Do you interrupt people a lot? Do loved ones complain that you chime in by cutting them off in conversation?

All of us cut into a conversation sometimes, and some interruptions can be helpful or clarifying. You may have an important correction to make, you may have information to add that the other person doesn’t have, or a decision has to be made and cannot be delayed. But some people butt into a conversation and interrupt someone else’s train of thought more routinely. It’s not that your two-cents’ worth isn’t valued; it’s simply that barging in on someone who’s talking may break their train of thought so that they don’t remember exactly what they were trying to say.

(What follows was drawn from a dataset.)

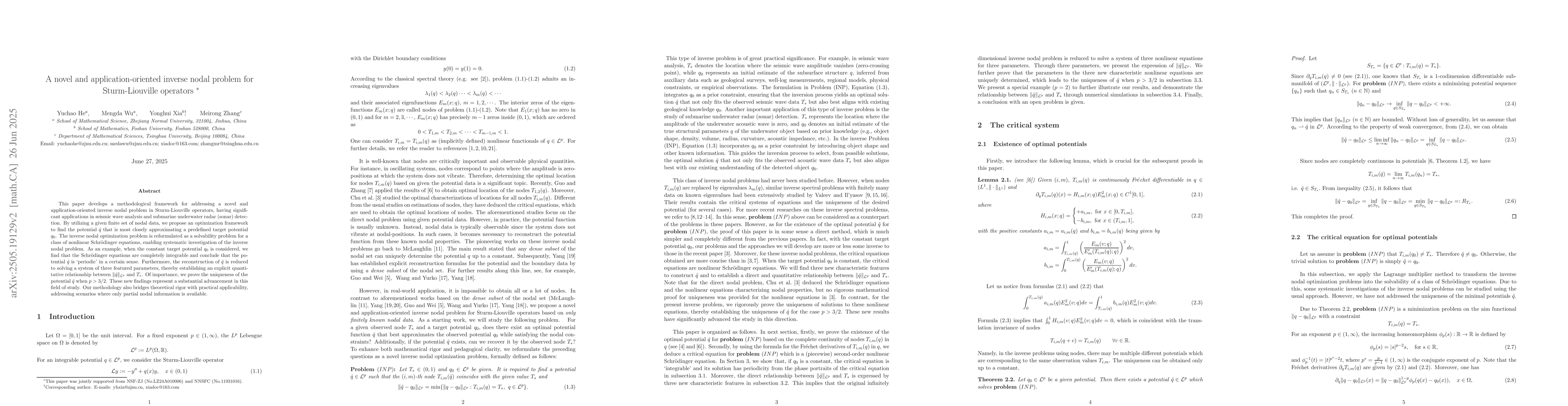 The paper presents an optimization framework for inverse nodal problems in Sturm-Liouville operators, reformulating it as a solvability problem of nonlinear Schrödinger equations using the Lagrange multiplier method.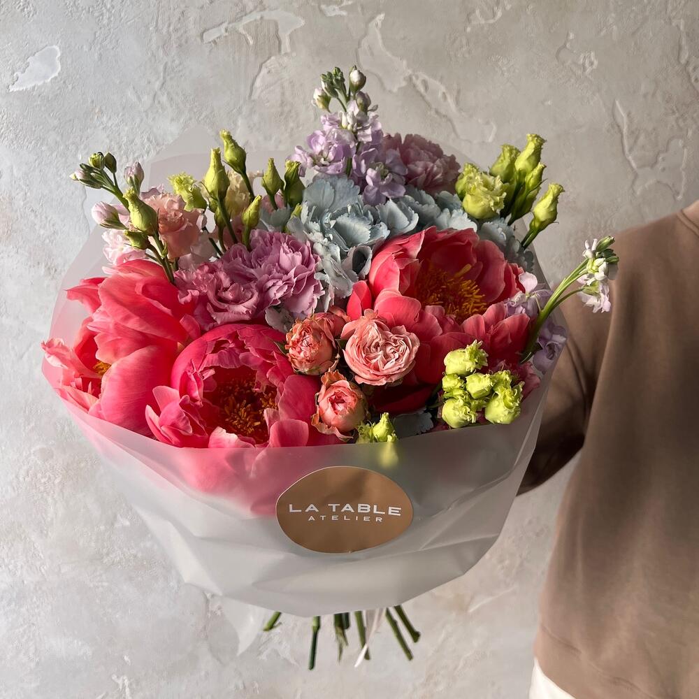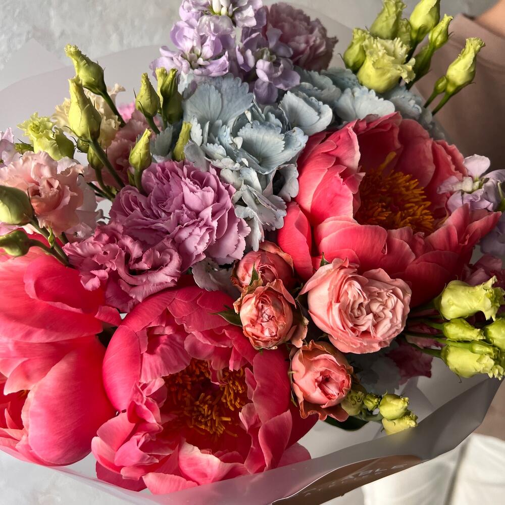 Пион – 3 шт.Гортензия – 1 шт.Маттиола – 3 шт.Роза кустовая – 1 шт.Лизиантус – 3 шт.Гвоздика – 3 шт.Упаковка дизайнерская – 1 шт.

It’s also rude to cut someone off in conversation repeatedly, and it’s likely to anger them. At the very least they will not feel heard or listened to, and they are likely to feel disrespected by you. If you are a chronic interrupter, it might be helpful to ask yourself why you’re so impatient to grab the floor away from someone else. Try this exercise from author Byron Katie, in her book I Need Your Love—Is That True? The next time you interrupt, silently say to yourself: “I’m not letting you finish your sentence because…” (and fill in the blank).

Some examples she offers are:

  • I don’t want to hear what you’re saying.
  • I can see where you’re going and I have something more clever to say.
  • I fear you’re trying to blame me.
  • I fear what you’re saying is true.
  • I fear you’re trying to make me look bad.
  • I’m afraid I’ll forget what I have to say.
  • If I don’t chime in now, I’ll lose this great opportunity to impress you.

To these I might add:

  • You’re taking too long to get to the point.

And:

  • You’re going into too much detail, and I’m losing interest.

All of these can be ways of defending ourselves from what we don’t want to hear. But they don’t foster good communication in a relationship, and they can make people feel that you’re not interested in what they have to say. If this fits you, here are a few suggestions you might consider trying:

Adopt the three-second rule. Sometimes the person you’re talking with hasn’t finished—they’ve just paused. If you adopt this rule by waiting three seconds before you speak, you would correct the vast majority of interruptions.

Jot down what you want to say. Sometimes we interrupt because we don’t want to forget what we wish to say. But if you simply jot down a few notes to yourself, you could capture your main thoughts and therefore listen to the other person until they are finished.

And finally, when you find your behavior so automatic that you only become aware of your interruption after it has happened, try apologizing. Something like: “I’m sorry, I didn’t mean to cut you off. Please complete what you were trying to say.” Then let them.